BaseDccCallableDispatcherFull (cancellable)
from dcc_mcp_core import (
BaseDccCallableDispatcherFull, JobOutcome, PendingEnvelope,
)
class HostDispatcher:
def submit_callable(self, request_id, task, affinity="main", timeout_ms=None) -> JobOutcome: ...
def submit_async_callable(self, request_id, task, *, affinity="main", timeout_ms=None,
progress_token=None, on_complete=None) -> PendingEnvelope: ...
def cancel(self, request_id: str) -> bool: ...
def shutdown(self, reason: str = "Interrupted") -> int: ...| Method | Purpose |
|---|---|
submit_callable | Synchronous submit; blocks for JobOutcome |
submit_async_callable | Returns PendingEnvelope immediately; result delivered via on_complete callback |
cancel(request_id) | Set the in-flight job's cancel_flag; returns True when found |
shutdown(reason) | Cancel every in-flight job; returns the count cancelled |
affinity is Literal["main", "any"] — implementations are free to ignore "any" and always run on the main thread. timeout_ms=None means no timeout (host-defined behaviour for runaway scripts).
BaseDccPump (cooperative drain)
Hosts that pump their own queue from an idle/tick callback should expose a drain_queue(budget_ms) -> DrainStats method and a stats property:
from dcc_mcp_core import BaseDccPump, DrainStats, PumpStats
class MyPump:
def drain_queue(self, budget_ms: int) -> DrainStats: ...
@property
def stats(self) -> PumpStats: ...DrainStats(drained, elapsed_ms, overrun) reports a single tick; PumpStats(ticks, drained, overrun_cycles) is the cumulative counter.
InProcessCallableDispatcher (reference)
from dcc_mcp_core import InProcessCallableDispatcher, build_inprocess_executor
dispatcher = InProcessCallableDispatcher()
executor = build_inprocess_executor(dispatcher)
# Pass `executor` to McpHttpServer.set_in_process_executor / DccServerBase.register_inprocess_executor.
# Standalone fallback for mayapy / batch — runs scripts inline:
inline_executor = build_inprocess_executor(None)Concrete production dispatchers (Maya UI thread, Houdini hou.session …) typically subclass InProcessCallableDispatcher and override submit_callable to enqueue onto the host's main-thread queue instead of running inline. cancel, shutdown, and the per-job JobEntry bookkeeping are inherited as-is.
Per-job cancellation
current_callable_job is a contextvars.ContextVar[JobEntry | None] set by InProcessCallableDispatcher for the duration of every submitted task. Skill scripts can poll it without depending on an MCP request context:
from dcc_mcp_core import current_callable_job, check_dcc_cancelled
def main(frames):
for frame in frames:
check_dcc_cancelled() # honours both MCP token AND callable-job flag
# equivalent manual probe:
# job = current_callable_job.get()
# if job is not None and job.cancelled: raise CancelledError()

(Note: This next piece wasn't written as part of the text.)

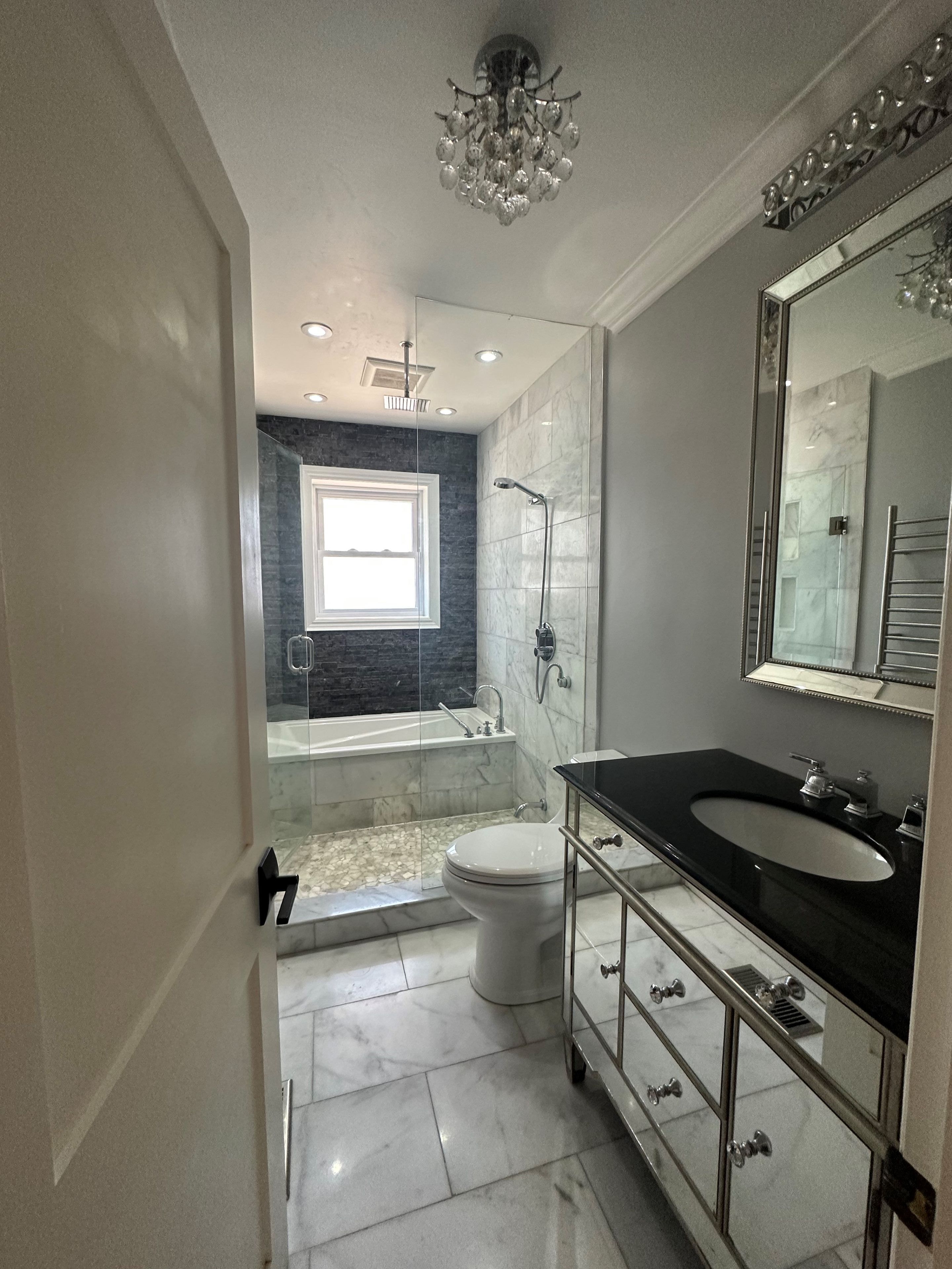 • Updated bathroom equipped with marble tile and four-piece fixtures.

render_frame(frame)check_dcc_cancelled() (cancellation API, #522) already routes through current_callable_job in addition to the MCP CancelToken — prefer it over hand-rolled probes.
MinimalModeConfig (declarative startup)
from dcc_mcp_core import MinimalModeConfig
CONFIG = MinimalModeConfig(
skills=("scene_inspector", "render_queue"), # full-load at startup
deactivate_groups={"render_queue": ("submit",)}, # leave the `submit` group inactive
env_var_minimal="DCC_MCP_MINIMAL", # falsy → load every discovered skill
env_var_default_tools="DCC_MCP_DEFAULT_TOOLS", # comma/space-separated override
)Resolution order, executed by DccServerBase.register_builtin_actions:
env_var_default_toolsset & non-empty → load only those skills.env_var_minimalset to"0" / "false" / "no" / "off" / ""→ load all discovered skills.- Otherwise → load
skillsand applydeactivate_groups.
See Server Factory API for wiring MinimalModeConfig and the in-process executor into register_builtin_actions.